The market rally may mean the beginning of a move back higher for stocks, veteran trader Jack Bouroudjian told CNBC.
U.S. equities moved higher on Monday, after suffering their worst Thanksgiving week since 2011.
Bouroudjian, chief economist and co-founder of UCX, said the market action felt slightly different on Monday.
"We didn't see that large strategic asset allocation, which was pressing and trying to hurt equities and buying fixed income pretty much all day long," he said on "Closing Bell."
"It might be that we have seen the bottom, at least short-term bottom. And quite frankly, people talk about bounces — they are bounces until you look in the rearview mirror and realize that it's a bottom."
A sell-off in tech stocks and oil prices helped send stocks lower last week. Plus, concerns about rising interest rates and a possible global slowdown, as well as lingering trade war fears, have been weighing on investors.

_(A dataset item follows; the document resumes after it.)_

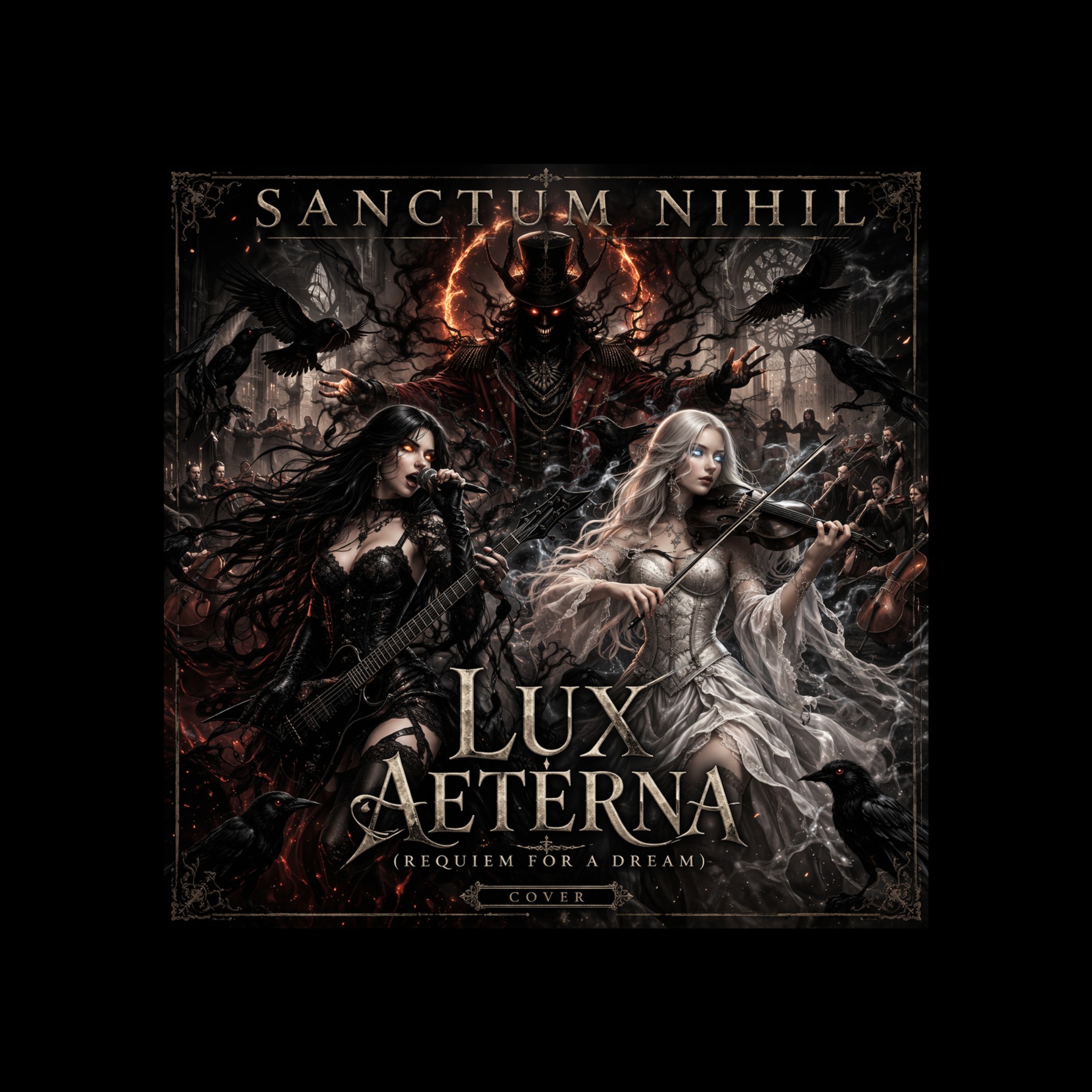 lush symphonic-metal instrumental, inspired by Lux Aeterna structure, grand piano and organ lead, full orchestra with strings, brass, woodwinds, timpani, and dramatic percussion, bass, harp, strings, trumpets, trombones, and tubas, piano, acoustic guitar, electret guitar, oboe, flute, wind flute, Clarinet, Xylophone, French Horn, Bassoon, thunderous taiko and live drums, double-kick blast beats, distorted electric guitars with layered harmonics, deep sub-bass rumble, layered adult and children choirs for epic harmonies, pipe organ swells, cinematic dynamic range, tension building motifs with repeating ostinatos, slow-building suspense to explosive crescendos, heroic and tragic interplay, beauty within destruction, relentless rhythm with syncopated percussion, soaring melodies layered over apocalyptic stereo imaging, perfectly balanced chaos and melody, epic cinematic storytelling, awe-inspiring emotional climax, ends in reverberant fading resonance, symphonic gothic metal

This week, the G-20 summit in Argentina will bring politics and trade issues back into focus. The meeting of world leaders will bring together President Donald Trump and Chinese President Xi Jinping, who have been engaged in an escalating tariff battle.

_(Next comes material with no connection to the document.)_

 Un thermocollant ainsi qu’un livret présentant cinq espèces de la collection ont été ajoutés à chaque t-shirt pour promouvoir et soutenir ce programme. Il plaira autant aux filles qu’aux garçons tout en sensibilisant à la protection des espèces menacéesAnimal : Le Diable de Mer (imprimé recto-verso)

Bouroudjian, a CNBC contributor, said the bar is so low now that any type of trade progress will be better than nothing.
"We've had so much Armageddon priced into the market over the course of the last month that the market is now starting to realize that valuation is a question," he said. "Unless you think that we're going to see earnings just fall off the side of a cliff next year, we're trading cheap. We're trading at 14, 15 times next year's forward earnings."
Randy Warren, chief investment officer at Warren Financial, said he isn't necessarily calling the bottom right now but it is "near."
Plus, he said the risk-reward ratio looks very positive.
"We already know what the risks are. We already know what the trouble spots are in the marketplace," he told "Power Lunch." "We're probably sitting at about a 5 percent down risk and 20 percent up risk over the next six months."
He would look at beaten-down names that have good earnings and good revenue, such as Boeing, Amazon and Square, he said.
— CNBC's Fred Imbert contributed to this report.
Disclosure: Warren Financial owns shares of Square, Boeing and Amazon.